- **Records from a data source**:
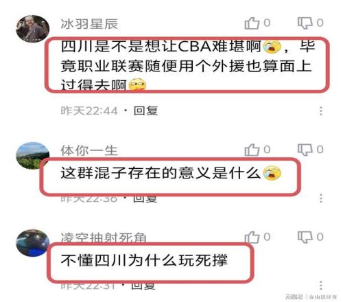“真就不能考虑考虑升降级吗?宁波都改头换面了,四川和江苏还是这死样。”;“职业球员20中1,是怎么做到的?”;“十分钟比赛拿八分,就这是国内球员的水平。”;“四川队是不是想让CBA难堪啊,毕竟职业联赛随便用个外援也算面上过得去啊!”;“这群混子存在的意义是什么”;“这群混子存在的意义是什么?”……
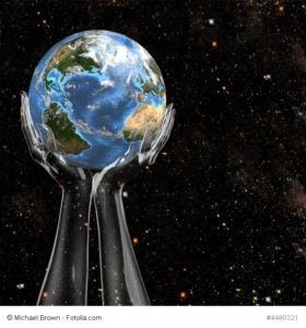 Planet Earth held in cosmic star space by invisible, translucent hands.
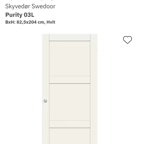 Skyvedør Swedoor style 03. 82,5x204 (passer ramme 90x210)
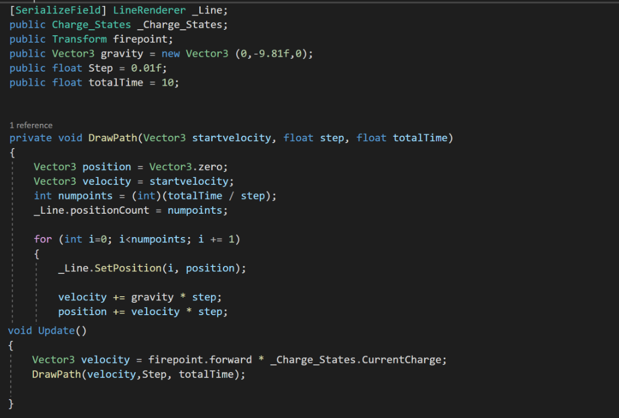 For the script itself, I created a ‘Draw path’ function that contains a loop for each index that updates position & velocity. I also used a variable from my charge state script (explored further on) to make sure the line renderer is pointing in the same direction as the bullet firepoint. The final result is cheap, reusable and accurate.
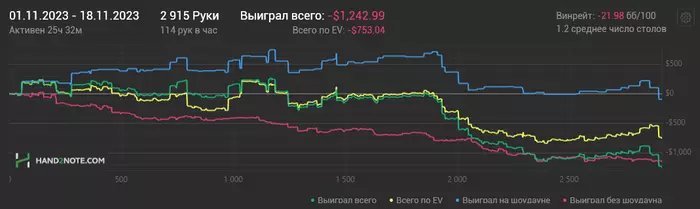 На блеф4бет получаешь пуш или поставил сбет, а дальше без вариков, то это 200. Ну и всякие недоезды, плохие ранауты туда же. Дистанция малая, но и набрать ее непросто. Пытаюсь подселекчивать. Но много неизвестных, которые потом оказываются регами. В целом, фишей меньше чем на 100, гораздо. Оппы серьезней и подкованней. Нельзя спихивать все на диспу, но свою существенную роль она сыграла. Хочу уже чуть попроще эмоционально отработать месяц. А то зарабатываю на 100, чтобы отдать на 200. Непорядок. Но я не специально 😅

- **Work required**: The result should be an exact copy of every entry above, with no pictures included.

- **Solution**:
“真就不能考虑考虑升降级吗?宁波都改头换面了,四川和江苏还是这死样。”;“职业球员20中1,是怎么做到的?”;“十分钟比赛拿八分,就这是国内球员的水平。”;“四川队是不是想让CBA难堪啊,毕竟职业联赛随便用个外援也算面上过得去啊!”;“这群混子存在的意义是什么”;“这群混子存在的意义是什么?”……
 Planet Earth held in cosmic star space by invisible, translucent hands.
 Skyvedør Swedoor style 03. 82,5x204 (passer ramme 90x210)
 For the script itself, I created a ‘Draw path’ function that contains a loop for each index that updates position & velocity. I also used a variable from my charge state script (explored further on) to make sure the line renderer is pointing in the same direction as the bullet firepoint. The final result is cheap, reusable and accurate.
 На блеф4бет получаешь пуш или поставил сбет, а дальше без вариков, то это 200. Ну и всякие недоезды, плохие ранауты туда же. Дистанция малая, но и набрать ее непросто. Пытаюсь подселекчивать. Но много неизвестных, которые потом оказываются регами. В целом, фишей меньше чем на 100, гораздо. Оппы серьезней и подкованней. Нельзя спихивать все на диспу, но свою существенную роль она сыграла. Хочу уже чуть попроще эмоционально отработать месяц. А то зарабатываю на 100, чтобы отдать на 200. Непорядок. Но я не специально 😅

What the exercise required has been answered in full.